DATA PROVIDED:
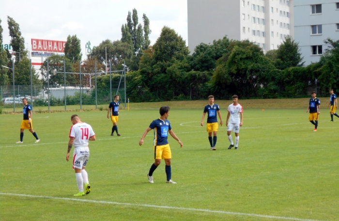 Offensiv sah man von der Vienna gute Ansätze, mit schnellem Überbrücken des Mittelfelds und lancieren der Außenspieler kam man des Öfteren gefährlich vor das gegnerische Tor. Ein erfolgreicher Abschluss wollte jedoch nicht gelingen, Van Zaanen verfehlte nach Zuspiel von Korkmaz knapp, Kurtisi traf nach Vorarbeit von Demic nur die Spitze des Lattenkreuzes, Demic selbst scheiterte am gegnerischen Keeper. Kontrolliertes Spiel wurde angesichts des sintflutartigen Regens in der ersten Halbzeit zusehends schwieriger, bis zur Pause fiel kein Tor mehr.
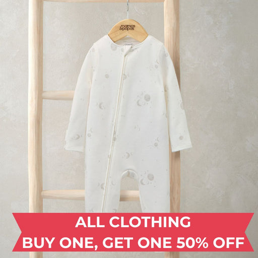 View full detailsThis celestial print onesie is made from 100% cotton. Its long sleeved with integrated turn back scratch mitts & a full zipper opening. From ne...
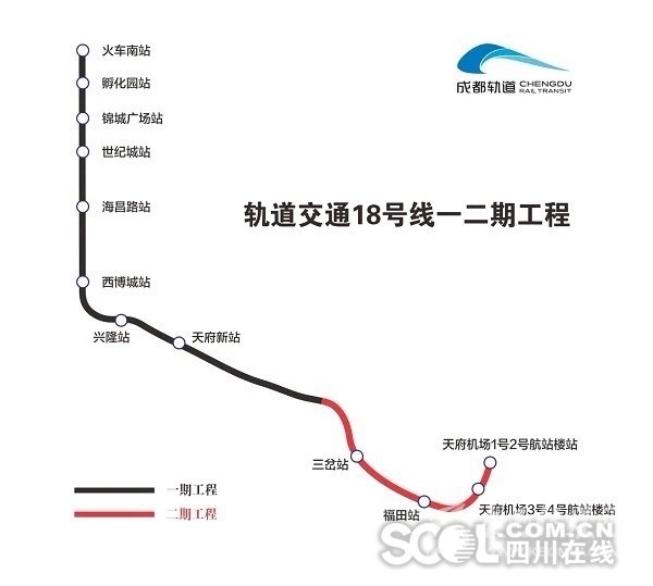 服務于成都市區(qū)與成都天府國際機場之間,北起火車南站,南至天府新機場,線路全長66.8Km,共設(shè)12座車站。(圖據(jù)成都軌道建設(shè)公司)
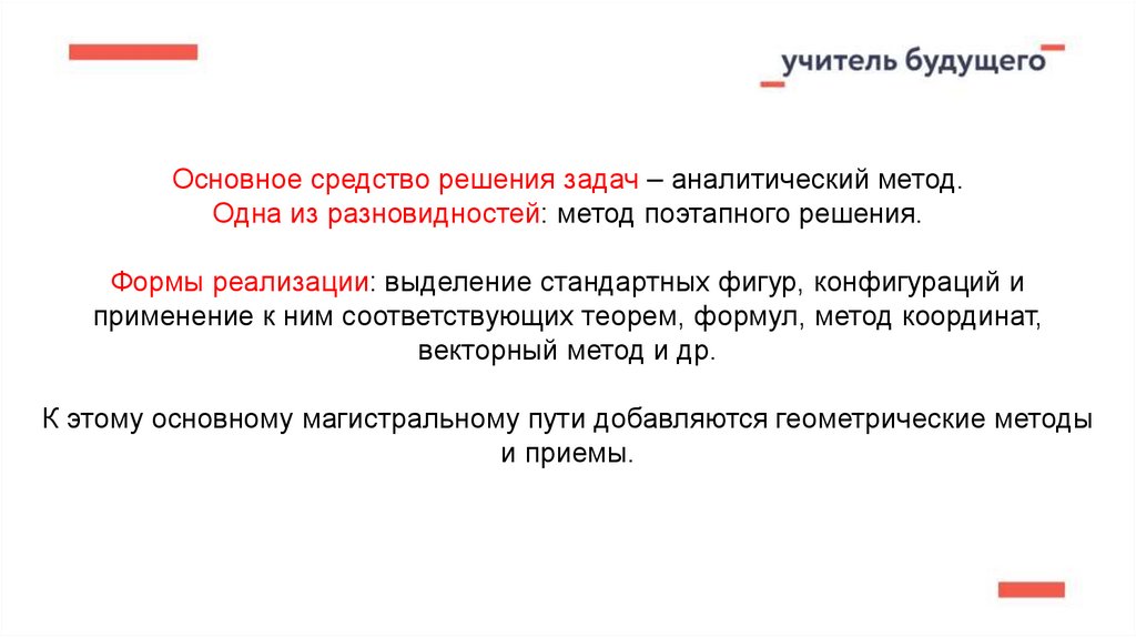 Основное средство решения задач – аналитический метод.Одна из разновидностей: метод поэтапного решения.
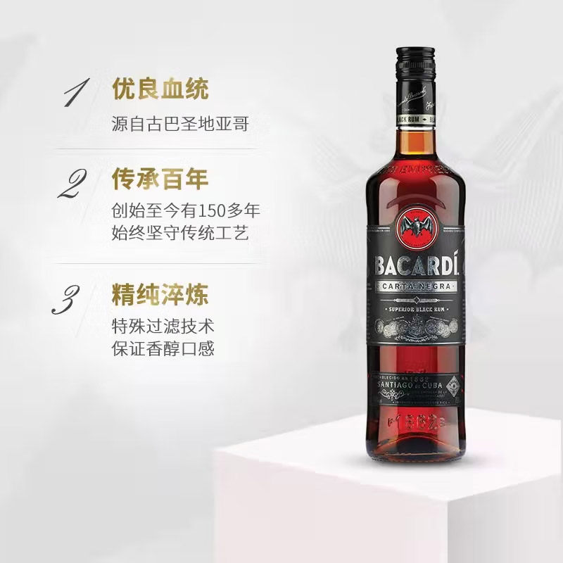 百加得(Bacardi)洋酒黑朗姆酒500ML莫吉托基酒长岛冰茶
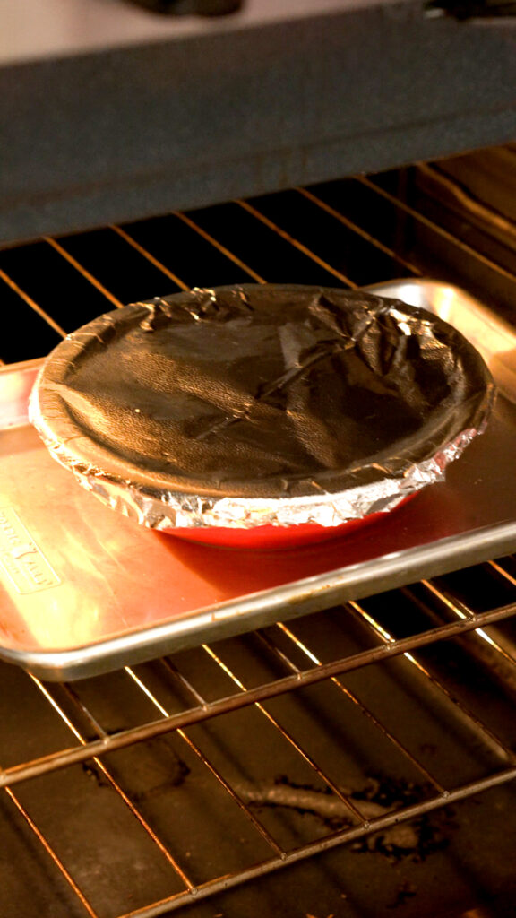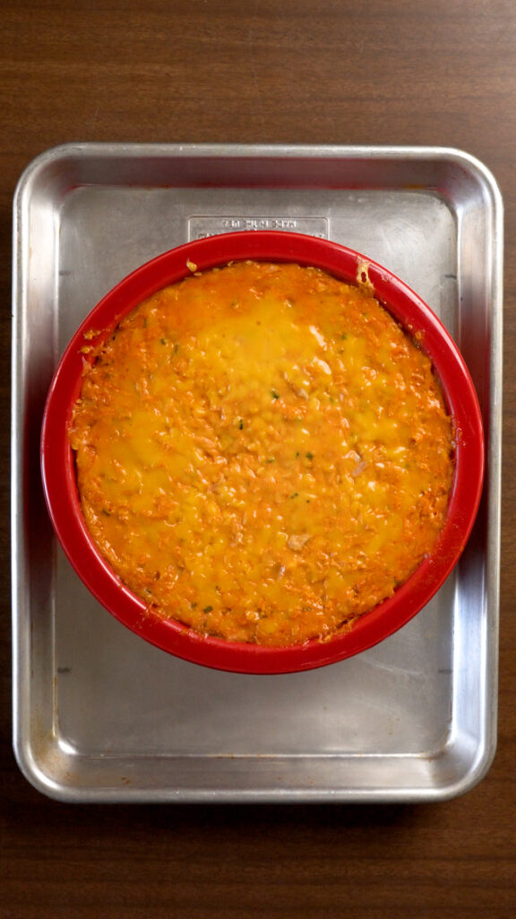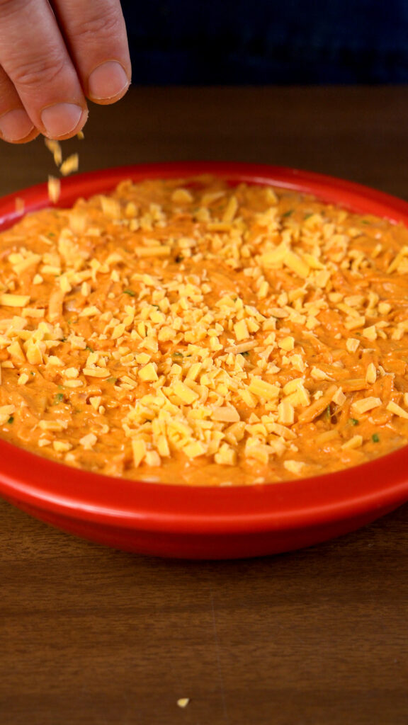- Add to an oven safe dish. You can sprinkle on some more vegan cheddar shreds if you like. It's optional, but if you do I recommend covering the dish with foil to help the cheese on top melt.
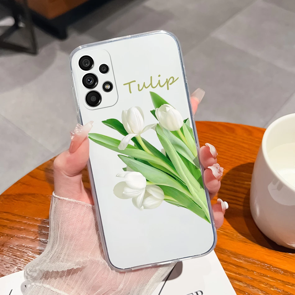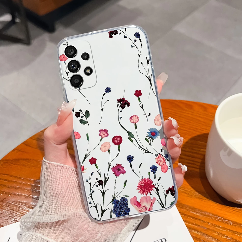 Para Samsung Galaxy A23 Funda de teléfono bonitas flores suave TPU silicona transparente parachoques para Samsung A 23 4G 5G Funda ligera
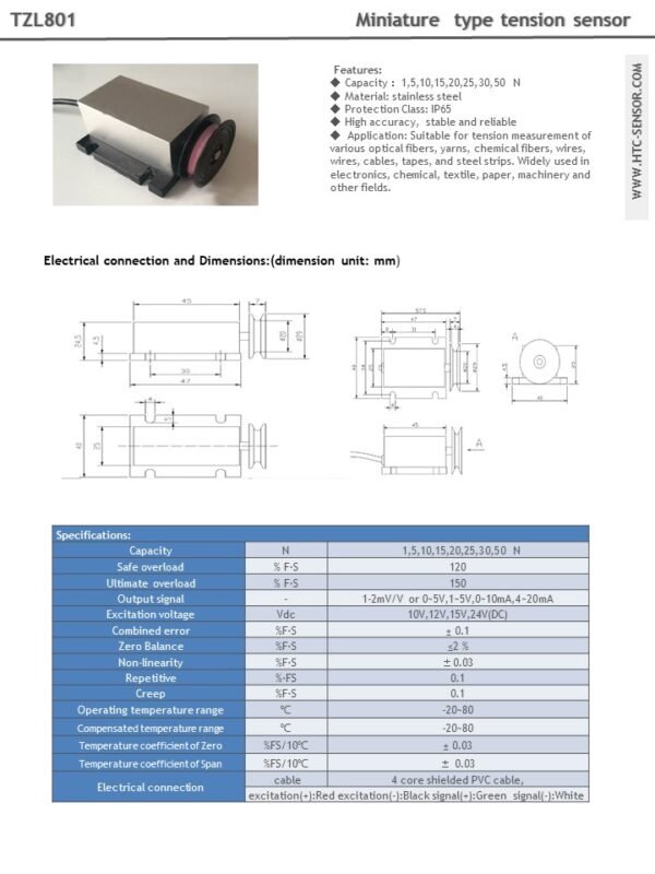 It adopts a 3-roller structure, with selectable roller materials such as hard-anodized aluminum alloy, chrome-plated alloy steel, plastic, or ceramic, providing high measurement accuracy. The compact design allows easy installation and offers excellent stability. It outputs a linear voltage signal of 1.5 mV/V, which can be connected to a transmitter for 0–10 V or 4–20 mA output. The sensor is suitable for various optical fibers, yarns, and chemical fibers. Ideal for tension measurement, it is widely used in electronics, chemical, textile, paper, machinery, and industrial automation measurement and control applications.
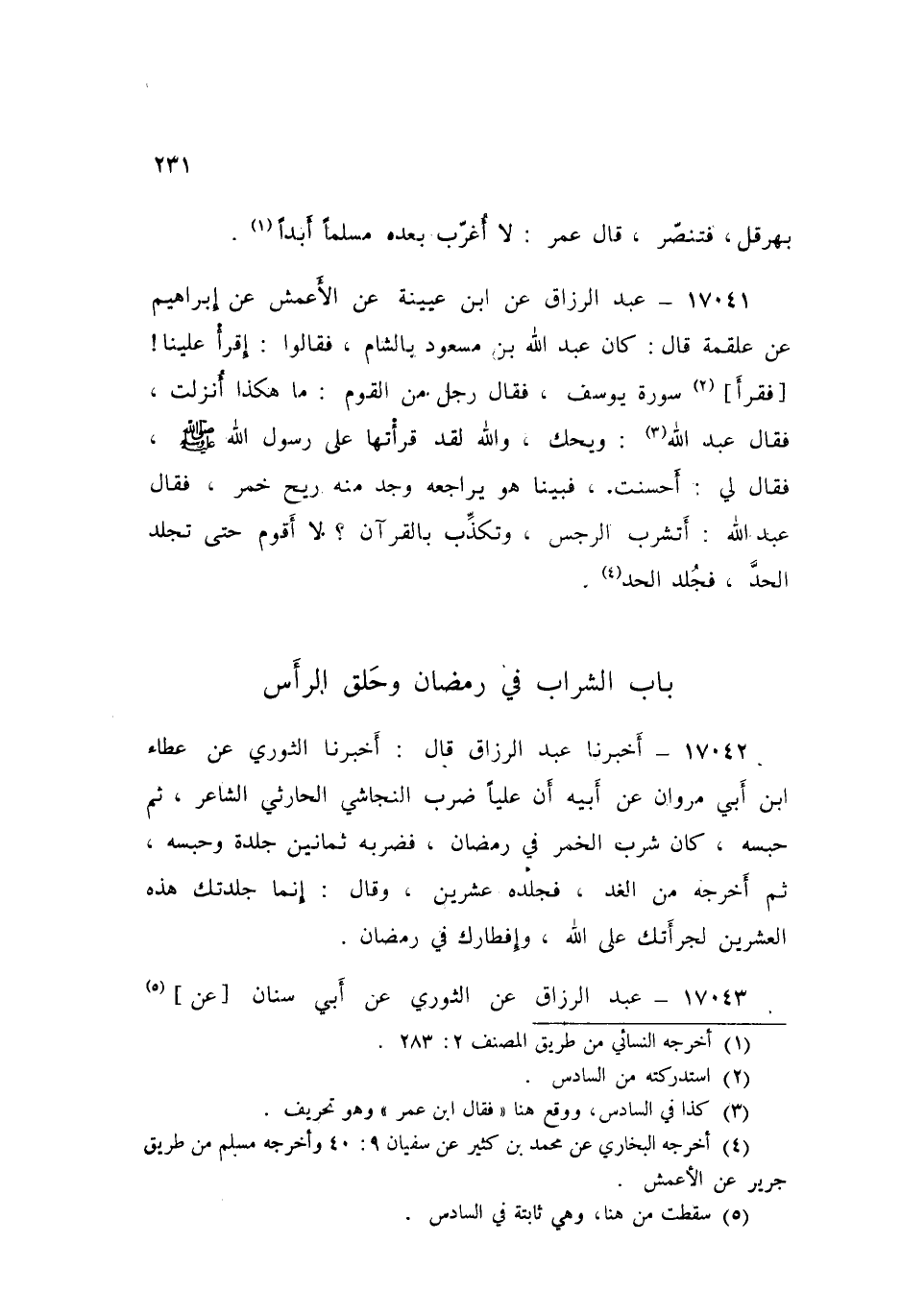 ١٧٠٤٢ - عَبْدُ الرَّزَّاقِ قَالَ: أَخْبَرَنَا الثَّوْرِيُّ، عَنْ عَطَاءِ بْنِ أَبِي مَرْوَانَ، عَنْ أَبِيهِ، أَنَّ عَلِيًّا ضَرَبَ النَّجَاشِيَّ الْحَارِثِيَّ الشَّاعِرَ ثُمَّ حَبَسَهُ، كَانَ شَرِبَ الْخَمْرَ فِي رَمَضَانَ فَضَرَبَهُ ثَمَانِينَ جَلْدَةً وَحَبَسَهُ، ثُمَّ أَخْرَجَهُ مِنَ الْغَدِ فَجَلَدَهُ عِشْرِينَ، وَقَالَ: «إِنَّمَا جَلَدْتُكَ هَذِهِ الْعِشْرَينَ لِجُرْأَتِكَ عَلَى اللَّهِ، وَإِفْطَارِكَ فِي رَمَضَانَ»
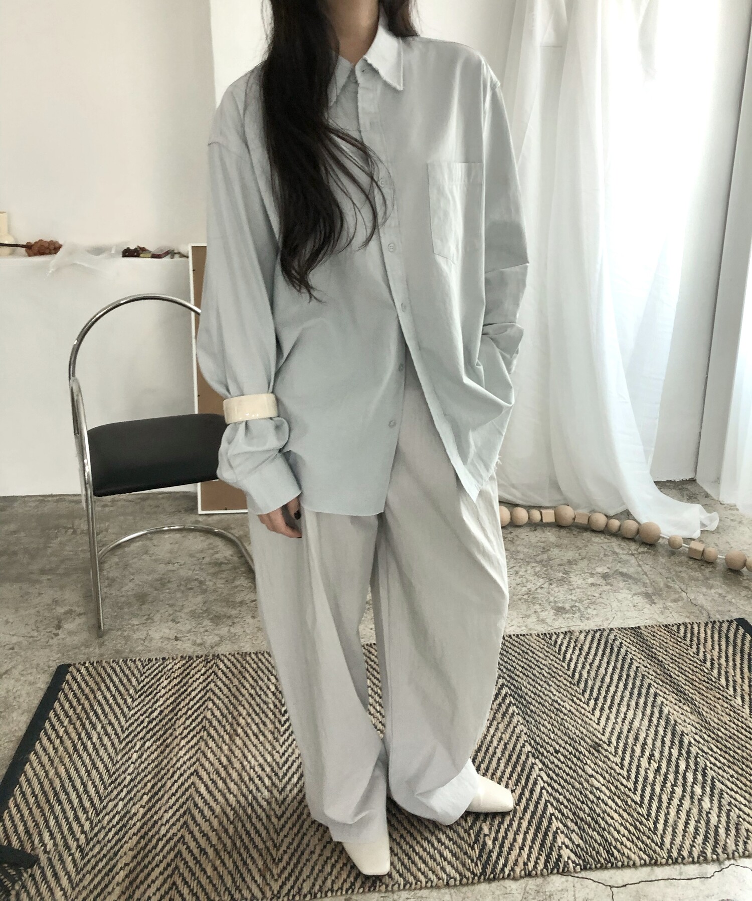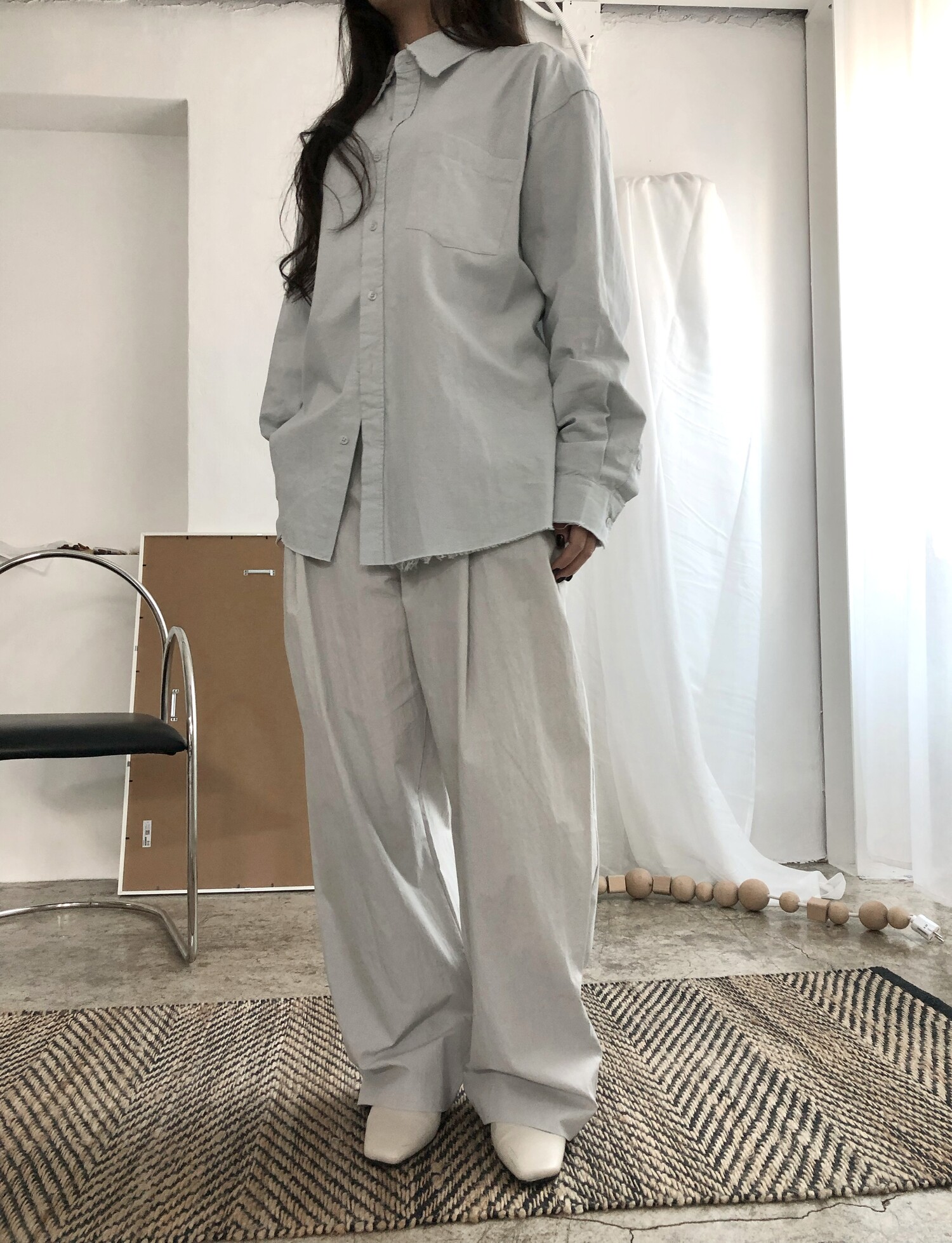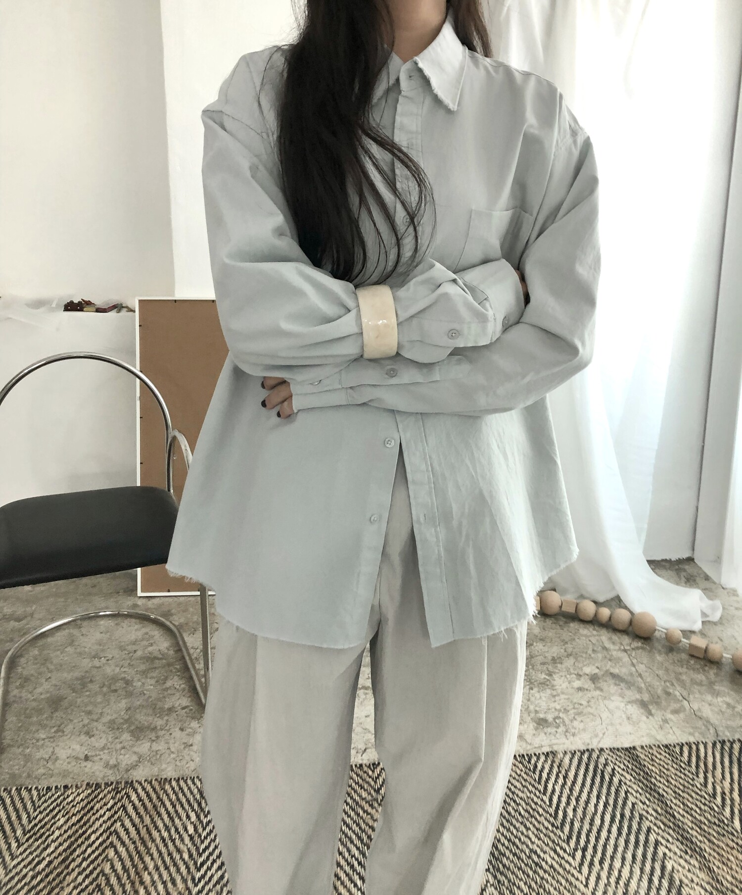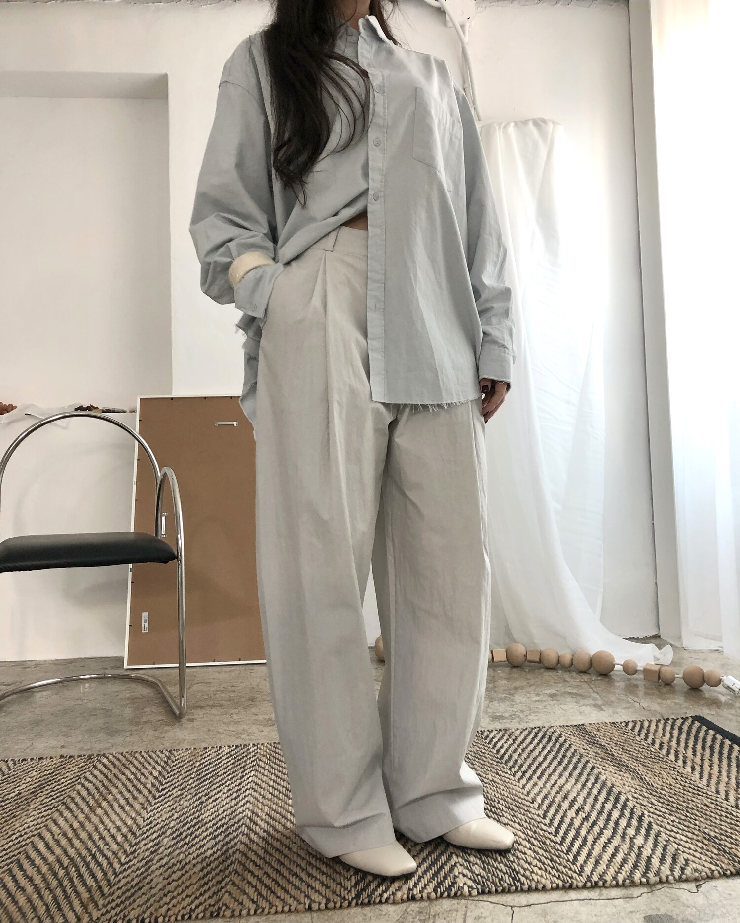 -바스락거리는 굉장히 얇고 가벼운 소재감으로 여름까지 쭉 즐기실 수 있어요.

WHAT THE EXERCISE ASKS:
What you need to retype is every line from the one that has "١٧٠٤٢ - عَبْدُ" through the last line of the listing, both included, with the pictures left out.

WORKED SOLUTION:
 ١٧٠٤٢ - عَبْدُ الرَّزَّاقِ قَالَ: أَخْبَرَنَا الثَّوْرِيُّ، عَنْ عَطَاءِ بْنِ أَبِي مَرْوَانَ، عَنْ أَبِيهِ، أَنَّ عَلِيًّا ضَرَبَ النَّجَاشِيَّ الْحَارِثِيَّ الشَّاعِرَ ثُمَّ حَبَسَهُ، كَانَ شَرِبَ الْخَمْرَ فِي رَمَضَانَ فَضَرَبَهُ ثَمَانِينَ جَلْدَةً وَحَبَسَهُ، ثُمَّ أَخْرَجَهُ مِنَ الْغَدِ فَجَلَدَهُ عِشْرِينَ، وَقَالَ: «إِنَّمَا جَلَدْتُكَ هَذِهِ الْعِشْرَينَ لِجُرْأَتِكَ عَلَى اللَّهِ، وَإِفْطَارِكَ فِي رَمَضَانَ»
 -바스락거리는 굉장히 얇고 가벼운 소재감으로 여름까지 쭉 즐기실 수 있어요.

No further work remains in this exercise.